(Dataset records)
- - - - -

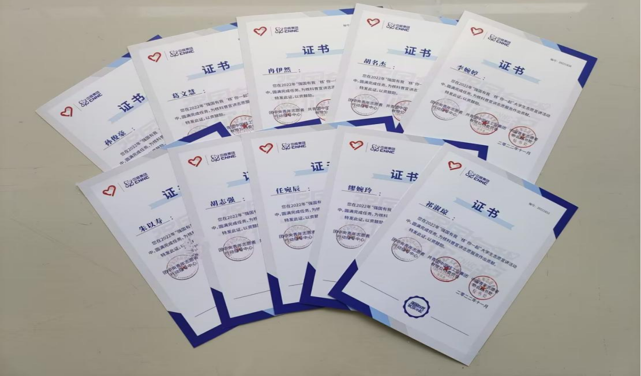 赵倩倩、宋晓姣两位指导老师带领10名志愿者参加此活动,在活动中团队分工明确,成员积极配合,互相帮助,严于律己,相互理解。志愿宣讲员以实际行动助力“双碳”理念的科普和“两弹一星”精神宣传主题活动,获得了主办方的认可,主办方为为10名志愿宣讲员颁发了嘉奖证书。
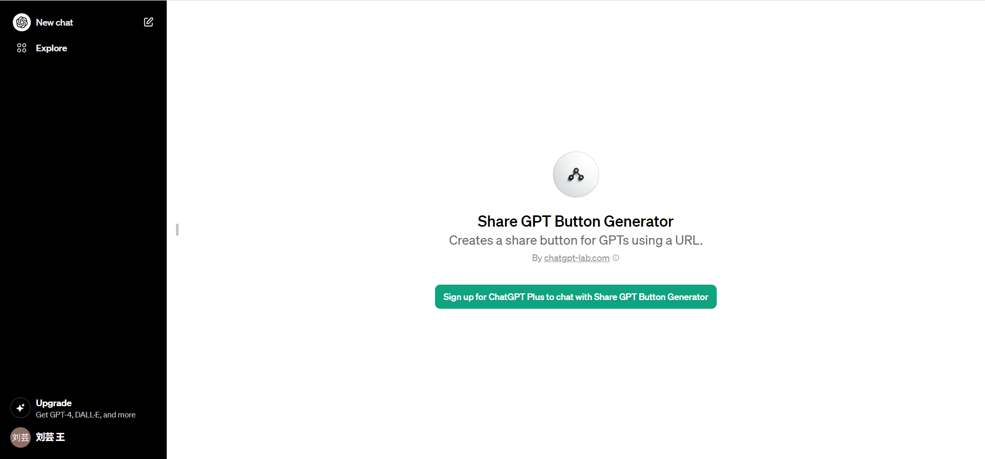使用 URL 创建 GPT 共享按钮。
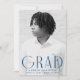Celebrate your graduate’s accomplishment with this elegant and simple graduation announcement. Featuring a vertical photo of the graduate, the word "Grad" is displayed in bold blue, modern art deco lettering for a chic and contemporary look. Personalize the front of this single-photo graduation announcement by adding the graduate's name, school, and graduation year. The reverse side showcases a stylish blue and white geometric swirl design, adding a touch of sophistication. Ideal for both high school and college graduates, this customizable announcement is the perfect way to share the exciting news with loved ones.
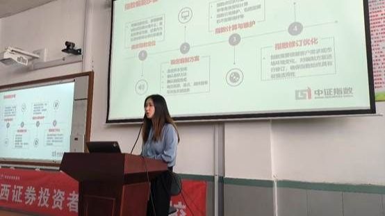 首先,陈怡行女士以“指数化投资:市场实践与发展趋势”为主题,从指数化投资的概念、指数化投资的金融生态及应用、指数化投资的发展趋势和相关数据获取渠道四个部分进行了学术演讲。第一,她介绍了指数的定义是反映各种证券价格的总体水平变化(涨跌幅)的指标,指数涵盖资产范围广泛,金融领域指数具有表征功能、业绩评价基准、投资产品跟踪标的三大功能,以及指数编制步骤,指数加权方法和指数的分类。她还列举了综合与规模指数、行业主题指数、策略指数和固定收益指数的例子。第二,她阐述了指数化投资产品生态圈,包括指数基金、股指期货、股指期权、ETF期权和挂钩指数的结构性产品。在介绍了指数化投资的优势后,引出指数在境外市场和场内衍生品市场工具体系的应用。第三,她展望了指数化投资的发展趋势:ETF更具优势,渐成主流产品形态;宽基指数市场关注度高,发展潜力大;策略指数渐普及,红利指数当先锋;境内行业及主题类产品占比不断提升;ESG等可持续发展产品备受关注;固定收益指数发展加速等。第四,她提供了数据获取渠道——中证指数有限公司以及查询指数相关信息的渠道——指数机构官网、授权资讯商等。
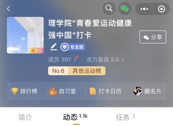 第一期比拼中理院学子共有8人获得核心力量达人称号,占全校获奖同学的三分之一,累计参与人次居全校第一,在此过程中,同学们积极关注、踊跃参与、认真准备,以持之以恒的锻炼保持健康体魄,以酣畅饱满的精神迎接美好未来。在打卡视频中,同学们都十分认真,动作非常标准,展现了理院学子积极参与体育运动“拼搏,进取,青春,活力”的精神风貌,很多同学都养成了坚持锻炼的好习惯。
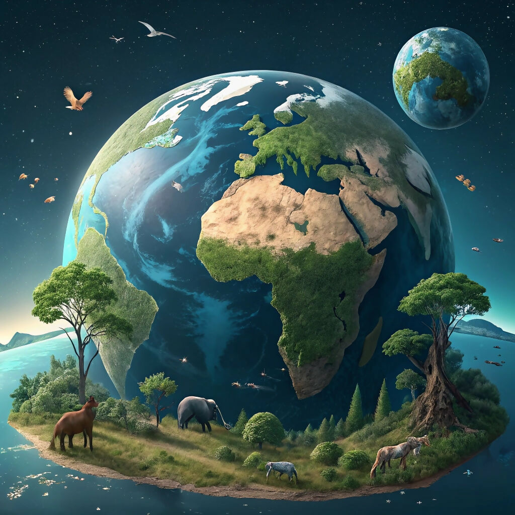 The overall impression is one of a vibrant and diverse ecosystem, highlighting the Earth's beauty and wildlife. The artwork is rendered with a high degree of detail, including realistic texture in the landscape.  Background shows a starry night sky.
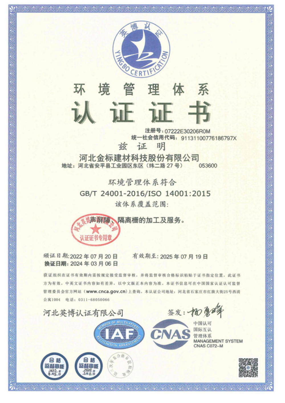 河北金標(biāo)建材科技股份有限公司成立于2005年,1998年開(kāi)始建廠生產(chǎn),是一家國(guó)內(nèi)較早從事交安材料的專(zhuān)業(yè)生產(chǎn)廠家之一;公司占地200萬(wàn)畝,擁有員工400余名,注冊(cè)資金6040萬(wàn), 已通過(guò)ISO9001質(zhì)量管理體系認(rèn)證,具備產(chǎn)品批量生產(chǎn)合格證、多項(xiàng)檢測(cè)報(bào)告等,先后獲得“AAA級(jí)信用企業(yè)”、河北優(yōu)秀企業(yè)”等殊榮。公司業(yè)務(wù)經(jīng)營(yíng)范圍包括高速公路、鐵路聲屏障生產(chǎn)基地;隔離柵,防護(hù)柵欄、刺鐵絲生產(chǎn)基地。
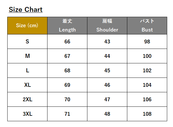 ・サイズ:S、M、L、XL、2XL、3XL
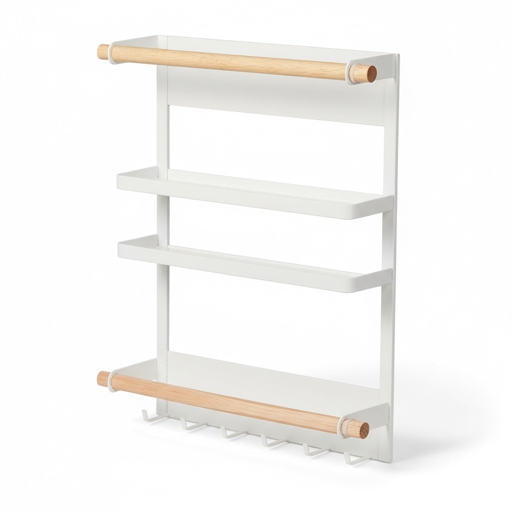 Magnetic Spice Rack for Fridge – Utensil Holder – Paper Towel Roll – 6 Hooks – 1 Shelf Magnetic Spice Rack for Fridge – Utensil Holder – Paper Towel Roll Rack – 6 Hooks – 1 Shelf 🧂🧻✨ Strong magnetic spice rack for kitchen walls or fridge doors • Includes 1 shelf , 6 hanging hooks and paper towel holder • Ideal for organising spices, utensils, foil, cling film and kitchen accessories. Magnetic Rack Spice Storage 6 Hooks Paper Towel Holder 1 Shelf Kitchen Organiser 🍽️ Product Description This magnetic spice rack organiser is a space-saving must-have for any modern kitchen. Easily attaches to your fridge, washing machine, metal cabinet or any iron surface. Perfect for keeping spice jars, condiments, oils, seasonings, herbs, sauces, tea tins, coffee canisters and cooking essentials within easy reach. With 6 strong hooks included, you can hang utensils, scissors, spatulas, ladles, oven gloves, tea towels and more. The built-in paper towel roll holder fits foil, cling film, baking paper or any standard kitchen roll. Ideal for small kitchens, rented homes, student flats, caravans, pantries, utility rooms and compact spaces. ✨ Key Features 🧲 Strong Magnetic Back – No drilling, screws or damage to surfaces 🧂 Spice Shelf – Holds jars, seasoning pots and kitchen essentials 🧻 Paper Towel Holder – Fits standard kitchen rolls, foil & cling film 🔗 6 Metal Hooks – Hang utensils, tools, towels & accessories 🏡 Space-Saving Kitchen Storage – Perfect for maximising small spaces ✔️ Sturdy & Durable – Metal construction for long-lasting use 🍳 Ideal Uses Fridge spice rack & condiment organiser Kitchen utensil hanging hooks Foil, cling film & baking paper holder Pantry or utility room storage RV / caravan & small apartment kitchens Home chefs, bakers & meal prep organisation 📐 Product Details Type: Magnetic Spice Rack & Paper Towel Holder Includes: 1 Shelf + 6 Hooks + Holder Mounting: Magnetic – no drilling required Material: Metal Use: Kitchen storage & organisation Colour: White Dimensions: H34 x L27.5 x D7cm 📦 What You Receive ✔ 1 x Magnetic Spice Rack with Hooks & Paper Towel Holder for Fridge Fast UK Shipping • UK Seller • VAT Registered 🇬🇧📦
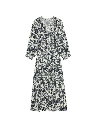 Paio Print Three-quarter Sleeve Cotton Midi Dress In Multi
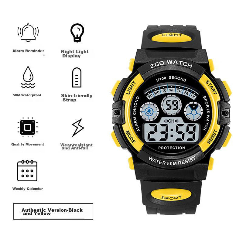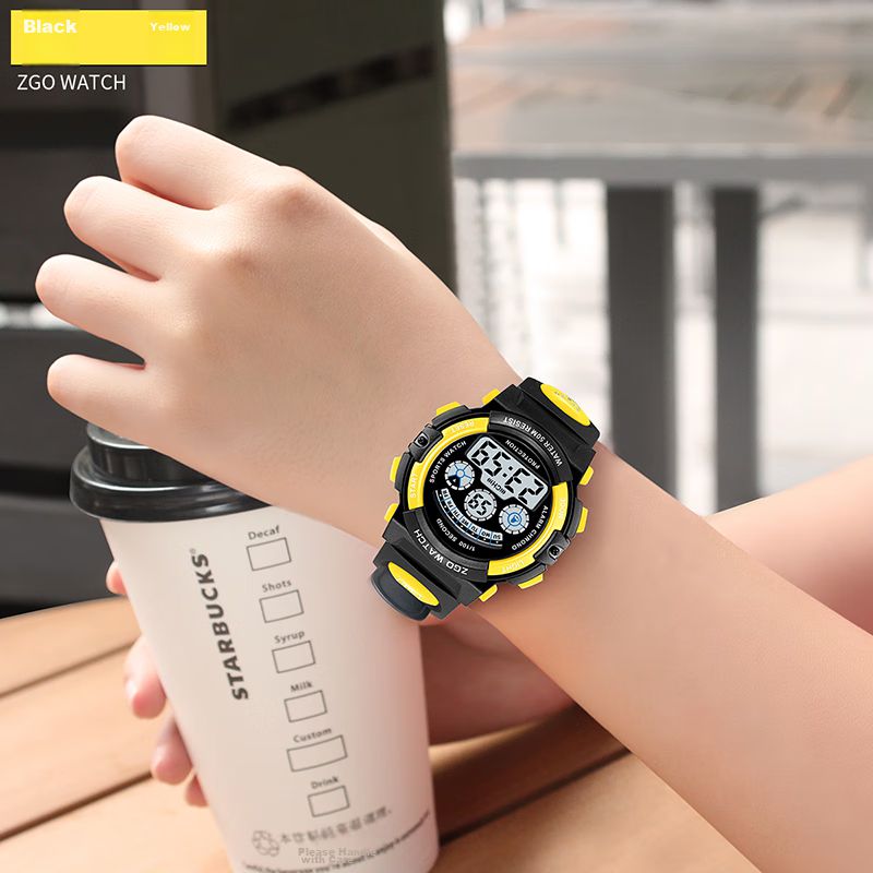 Reloj ZGO A305E electrónico impermeable negro y amarillo

- - - - -

• [Problem details] Each record above is to be written out exactly; the pictures are not.

• [Solution to this task]
 赵倩倩、宋晓姣两位指导老师带领10名志愿者参加此活动,在活动中团队分工明确,成员积极配合,互相帮助,严于律己,相互理解。志愿宣讲员以实际行动助力“双碳”理念的科普和“两弹一星”精神宣传主题活动,获得了主办方的认可,主办方为为10名志愿宣讲员颁发了嘉奖证书。
使用 URL 创建 GPT 共享按钮。
Celebrate your graduate’s accomplishment with this elegant and simple graduation announcement. Featuring a vertical photo of the graduate, the word "Grad" is displayed in bold blue, modern art deco lettering for a chic and contemporary look. Personalize the front of this single-photo graduation announcement by adding the graduate's name, school, and graduation year. The reverse side showcases a stylish blue and white geometric swirl design, adding a touch of sophistication. Ideal for both high school and college graduates, this customizable announcement is the perfect way to share the exciting news with loved ones.
 首先,陈怡行女士以“指数化投资:市场实践与发展趋势”为主题,从指数化投资的概念、指数化投资的金融生态及应用、指数化投资的发展趋势和相关数据获取渠道四个部分进行了学术演讲。第一,她介绍了指数的定义是反映各种证券价格的总体水平变化(涨跌幅)的指标,指数涵盖资产范围广泛,金融领域指数具有表征功能、业绩评价基准、投资产品跟踪标的三大功能,以及指数编制步骤,指数加权方法和指数的分类。她还列举了综合与规模指数、行业主题指数、策略指数和固定收益指数的例子。第二,她阐述了指数化投资产品生态圈,包括指数基金、股指期货、股指期权、ETF期权和挂钩指数的结构性产品。在介绍了指数化投资的优势后,引出指数在境外市场和场内衍生品市场工具体系的应用。第三,她展望了指数化投资的发展趋势:ETF更具优势,渐成主流产品形态;宽基指数市场关注度高,发展潜力大;策略指数渐普及,红利指数当先锋;境内行业及主题类产品占比不断提升;ESG等可持续发展产品备受关注;固定收益指数发展加速等。第四,她提供了数据获取渠道——中证指数有限公司以及查询指数相关信息的渠道——指数机构官网、授权资讯商等。
 第一期比拼中理院学子共有8人获得核心力量达人称号,占全校获奖同学的三分之一,累计参与人次居全校第一,在此过程中,同学们积极关注、踊跃参与、认真准备,以持之以恒的锻炼保持健康体魄,以酣畅饱满的精神迎接美好未来。在打卡视频中,同学们都十分认真,动作非常标准,展现了理院学子积极参与体育运动“拼搏,进取,青春,活力”的精神风貌,很多同学都养成了坚持锻炼的好习惯。
 The overall impression is one of a vibrant and diverse ecosystem, highlighting the Earth's beauty and wildlife. The artwork is rendered with a high degree of detail, including realistic texture in the landscape.  Background shows a starry night sky.
 河北金標(biāo)建材科技股份有限公司成立于2005年,1998年開(kāi)始建廠生產(chǎn),是一家國(guó)內(nèi)較早從事交安材料的專(zhuān)業(yè)生產(chǎn)廠家之一;公司占地200萬(wàn)畝,擁有員工400余名,注冊(cè)資金6040萬(wàn), 已通過(guò)ISO9001質(zhì)量管理體系認(rèn)證,具備產(chǎn)品批量生產(chǎn)合格證、多項(xiàng)檢測(cè)報(bào)告等,先后獲得“AAA級(jí)信用企業(yè)”、河北優(yōu)秀企業(yè)”等殊榮。公司業(yè)務(wù)經(jīng)營(yíng)范圍包括高速公路、鐵路聲屏障生產(chǎn)基地;隔離柵,防護(hù)柵欄、刺鐵絲生產(chǎn)基地。
 ・サイズ:S、M、L、XL、2XL、3XL
 Magnetic Spice Rack for Fridge – Utensil Holder – Paper Towel Roll – 6 Hooks – 1 Shelf Magnetic Spice Rack for Fridge – Utensil Holder – Paper Towel Roll Rack – 6 Hooks – 1 Shelf 🧂🧻✨ Strong magnetic spice rack for kitchen walls or fridge doors • Includes 1 shelf , 6 hanging hooks and paper towel holder • Ideal for organising spices, utensils, foil, cling film and kitchen accessories. Magnetic Rack Spice Storage 6 Hooks Paper Towel Holder 1 Shelf Kitchen Organiser 🍽️ Product Description This magnetic spice rack organiser is a space-saving must-have for any modern kitchen. Easily attaches to your fridge, washing machine, metal cabinet or any iron surface. Perfect for keeping spice jars, condiments, oils, seasonings, herbs, sauces, tea tins, coffee canisters and cooking essentials within easy reach. With 6 strong hooks included, you can hang utensils, scissors, spatulas, ladles, oven gloves, tea towels and more. The built-in paper towel roll holder fits foil, cling film, baking paper or any standard kitchen roll. Ideal for small kitchens, rented homes, student flats, caravans, pantries, utility rooms and compact spaces. ✨ Key Features 🧲 Strong Magnetic Back – No drilling, screws or damage to surfaces 🧂 Spice Shelf – Holds jars, seasoning pots and kitchen essentials 🧻 Paper Towel Holder – Fits standard kitchen rolls, foil & cling film 🔗 6 Metal Hooks – Hang utensils, tools, towels & accessories 🏡 Space-Saving Kitchen Storage – Perfect for maximising small spaces ✔️ Sturdy & Durable – Metal construction for long-lasting use 🍳 Ideal Uses Fridge spice rack & condiment organiser Kitchen utensil hanging hooks Foil, cling film & baking paper holder Pantry or utility room storage RV / caravan & small apartment kitchens Home chefs, bakers & meal prep organisation 📐 Product Details Type: Magnetic Spice Rack & Paper Towel Holder Includes: 1 Shelf + 6 Hooks + Holder Mounting: Magnetic – no drilling required Material: Metal Use: Kitchen storage & organisation Colour: White Dimensions: H34 x L27.5 x D7cm 📦 What You Receive ✔ 1 x Magnetic Spice Rack with Hooks & Paper Towel Holder for Fridge Fast UK Shipping • UK Seller • VAT Registered 🇬🇧📦
 Paio Print Three-quarter Sleeve Cotton Midi Dress In Multi
 Reloj ZGO A305E electrónico impermeable negro y amarillo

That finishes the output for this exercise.